Vacasa spent $35 million on advertisements and promotional materials in 2022. That was 1.4% of its gross bookings, about in-line with other major players. For example, Marriott spends 1% of its annual room revenue and Airbnb spends 1.2%. However, both of those businesses drive higher direct traffic for that spending.
What’s surprising is that out of a total sales & marketing budget of $247 million, advertising is just 14% of that. For context, Expedia earmarked 64% of its sales & marketing budget toward advertising and Airbnb allocated 52%. In fact, we believe that the large majority of Vacasa’s sales & marketing is going towards paying OTA commissions.
Vacasa is rare in the short-term rental space in that it has worked to establish a direct-to-consumer reputation and drive first-party bookings. Most STRs are undifferentiated and rely on online travel agencies, like Airbnb and Vrbo, for distribution. This makes them a commodity product. Additionally, the STR market as a whole suffers from inconsistency, which breeds distrust amongst travelers. Vacasa has tried to break out of that cycle and carve its own niche as a national brand with reliable and consistent quality standards.
The goal of these efforts is to drive lower-cost direct traffic and in 2022 Vacasa earned 30% of its gross bookings from first-party channels. This is industry-leading in the vacation rental space where the median property is probably an Airbnb listing and therefore drives almost exactly 0% of bookings direct.
However, compared to a fully scaled hotel chain, Vacasa is still lacking. In 2022, Marriott earned about half of its room night bookings via first-party channels, with a slightly higher share of revenue contribution coming from loyalty members (since some Bonvoy customers will still book via a third-party). The numbers vary by brand, but at Marriott properties (not the parent company), marriott.com and call centers drove 47% of room nights while Bonvoy members contributed 60% of room night revenue.
Vacasa has disclosed that 70% of its gross bookings came from third parties in 2022. Of that, 90% came from a mostly even split of the big three channels, Airbnb, Vrbo, and Booking.com. This lets us break down Vacasa’s channel mix and implies that Airbnb generated around 21% of gross bookings vs. 30% direct.
Vacasa also drove a 30% direct share in 2021, but both years are actually below 2020 when the company generated 35% direct. We don’t have data for 2019 but assume it was similar to 2020. If we assume an average OTA commission of 10%, Skift Research estimates that Vacasa paid $179 million in OTA commissions last year; that represents the vast majority of its sales and marketing spend and 15% of revenue.
The shocking conclusion of this analysis is that despite being one of the largest STR brands, Vacasa’s spending on third-party commissions was 5 times its spending on advertisements to drive first-party bookings.
Perhaps this is unfair: One could argue that tech spend to develop its first-party booking platform also goes to support direct traffic.

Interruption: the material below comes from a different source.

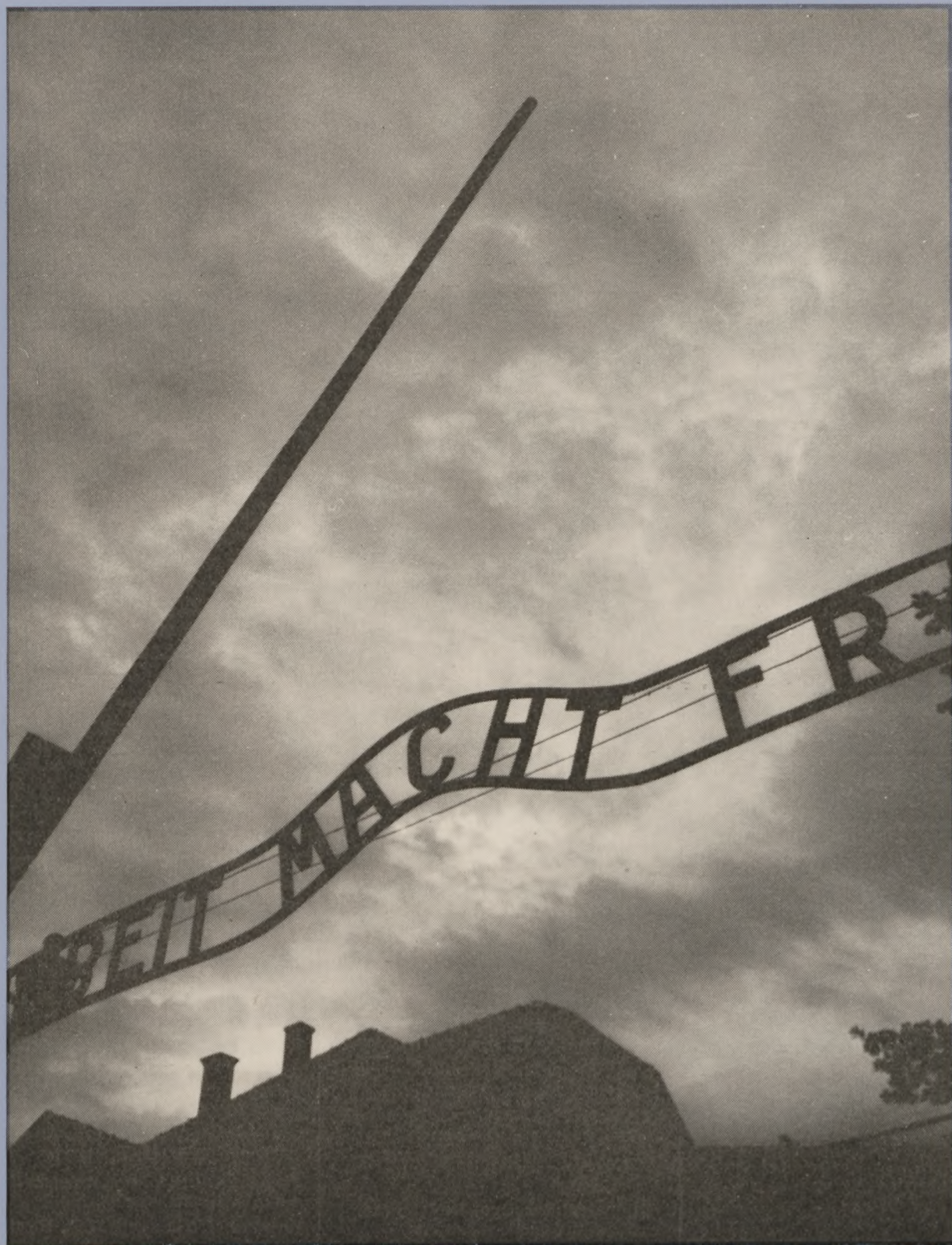
Den polske billedudstilling på Frihedsmuseet er høj fotografisk kunst. Adam Kaczkawski har her indfanget den dystre stemning, der hvilede over indgangen til Auschwitzlejren. Trods det forjættende løfte om, at arbejde giver frihed, måtte flere millioner fanger ofre livet her.

But technology development was 6% of revenue last year. This means that even if all of the firm’s tech spend was earmarked towards driving direct business (it wasn’t), then Vacasa still spent 9% of revenue on first-party vs. 15% on third party.
While Vacasa is a leader in brand building within the short-term rental space, these figures show that it still has a long road ahead if it hopes to flip these trends and become a majority first-party business; and to earn the margin benefits that come along with a direct to consumer business.